┏━━

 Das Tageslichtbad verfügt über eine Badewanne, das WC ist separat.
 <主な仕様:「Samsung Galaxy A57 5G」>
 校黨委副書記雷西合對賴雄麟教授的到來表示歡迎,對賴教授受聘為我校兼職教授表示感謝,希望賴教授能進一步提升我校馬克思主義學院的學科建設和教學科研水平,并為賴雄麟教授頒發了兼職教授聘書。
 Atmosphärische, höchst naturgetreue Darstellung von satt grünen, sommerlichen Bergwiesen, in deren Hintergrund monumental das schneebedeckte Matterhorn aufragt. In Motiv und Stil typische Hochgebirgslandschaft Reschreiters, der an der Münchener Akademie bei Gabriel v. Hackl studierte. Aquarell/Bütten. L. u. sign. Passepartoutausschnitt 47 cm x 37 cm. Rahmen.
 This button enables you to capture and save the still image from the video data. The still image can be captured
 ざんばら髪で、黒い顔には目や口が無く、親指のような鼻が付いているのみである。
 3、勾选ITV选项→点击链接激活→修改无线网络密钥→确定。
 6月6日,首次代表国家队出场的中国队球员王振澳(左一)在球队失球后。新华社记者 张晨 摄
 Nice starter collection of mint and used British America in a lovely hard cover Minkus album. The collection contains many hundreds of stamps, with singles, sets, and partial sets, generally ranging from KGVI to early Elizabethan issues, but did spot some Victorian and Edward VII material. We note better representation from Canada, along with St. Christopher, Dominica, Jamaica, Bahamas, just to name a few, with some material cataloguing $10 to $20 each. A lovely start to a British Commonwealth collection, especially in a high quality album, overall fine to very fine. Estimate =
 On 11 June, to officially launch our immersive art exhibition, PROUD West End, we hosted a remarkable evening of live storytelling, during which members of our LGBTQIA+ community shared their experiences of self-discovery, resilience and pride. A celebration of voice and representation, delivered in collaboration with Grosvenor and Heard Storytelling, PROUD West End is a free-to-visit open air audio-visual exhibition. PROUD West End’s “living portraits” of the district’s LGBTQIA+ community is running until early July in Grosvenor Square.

┗━━
┏━━

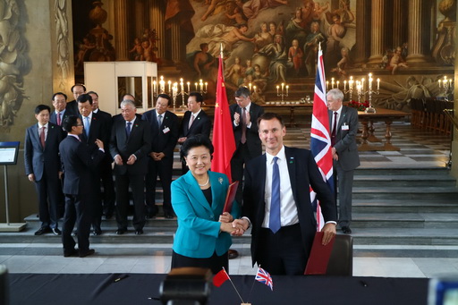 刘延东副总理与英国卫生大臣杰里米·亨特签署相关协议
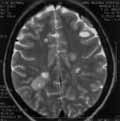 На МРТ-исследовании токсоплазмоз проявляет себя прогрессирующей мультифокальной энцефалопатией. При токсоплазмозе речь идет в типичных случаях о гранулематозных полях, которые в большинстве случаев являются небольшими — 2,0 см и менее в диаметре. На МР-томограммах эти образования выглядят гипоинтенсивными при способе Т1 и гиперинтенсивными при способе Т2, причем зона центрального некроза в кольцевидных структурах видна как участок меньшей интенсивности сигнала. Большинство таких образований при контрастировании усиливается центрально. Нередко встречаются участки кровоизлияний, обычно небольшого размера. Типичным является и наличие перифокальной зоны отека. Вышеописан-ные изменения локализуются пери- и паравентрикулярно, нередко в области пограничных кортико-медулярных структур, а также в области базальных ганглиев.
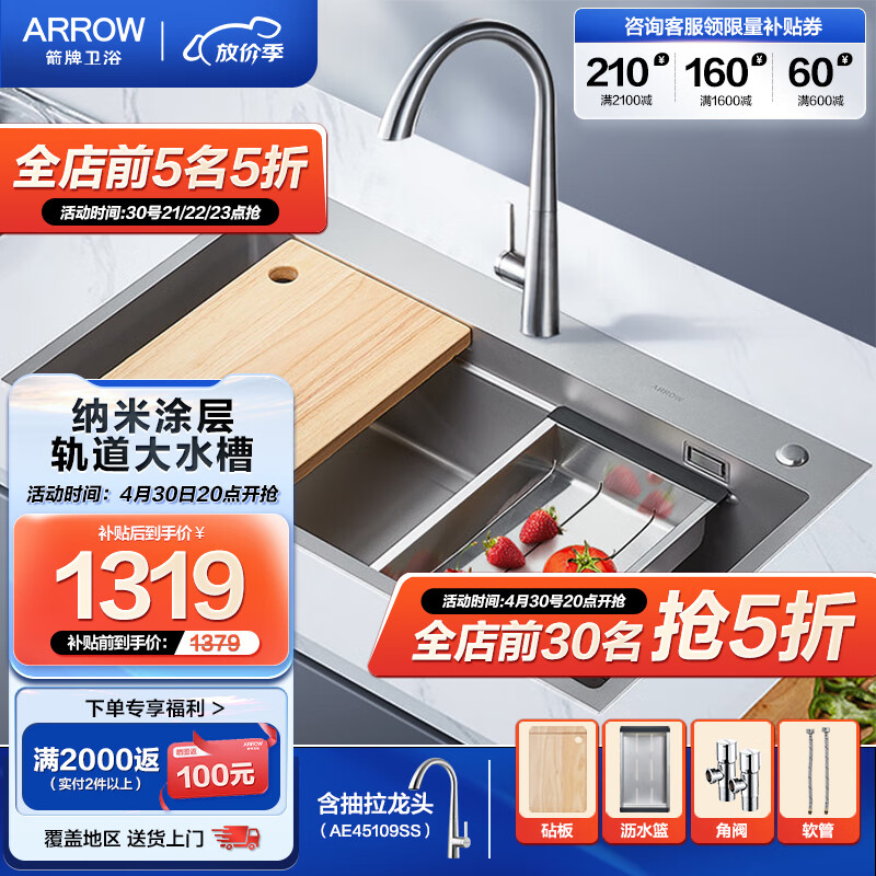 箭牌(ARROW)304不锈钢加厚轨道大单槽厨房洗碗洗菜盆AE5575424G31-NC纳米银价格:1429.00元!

┗━━

• _BRIEF_:
In the listing above, locate the line containing "Das Tageslichtbad verfügt" and the line containing "校黨委副書記雷西合對賴雄麟教". Transcribe those two lines and everything between them, exactly as written.

• _TASK SOLUTION_:
 Das Tageslichtbad verfügt über eine Badewanne, das WC ist separat.
 <主な仕様:「Samsung Galaxy A57 5G」>
 校黨委副書記雷西合對賴雄麟教授的到來表示歡迎,對賴教授受聘為我校兼職教授表示感謝,希望賴教授能進一步提升我校馬克思主義學院的學科建設和教學科研水平,并為賴雄麟教授頒發了兼職教授聘書。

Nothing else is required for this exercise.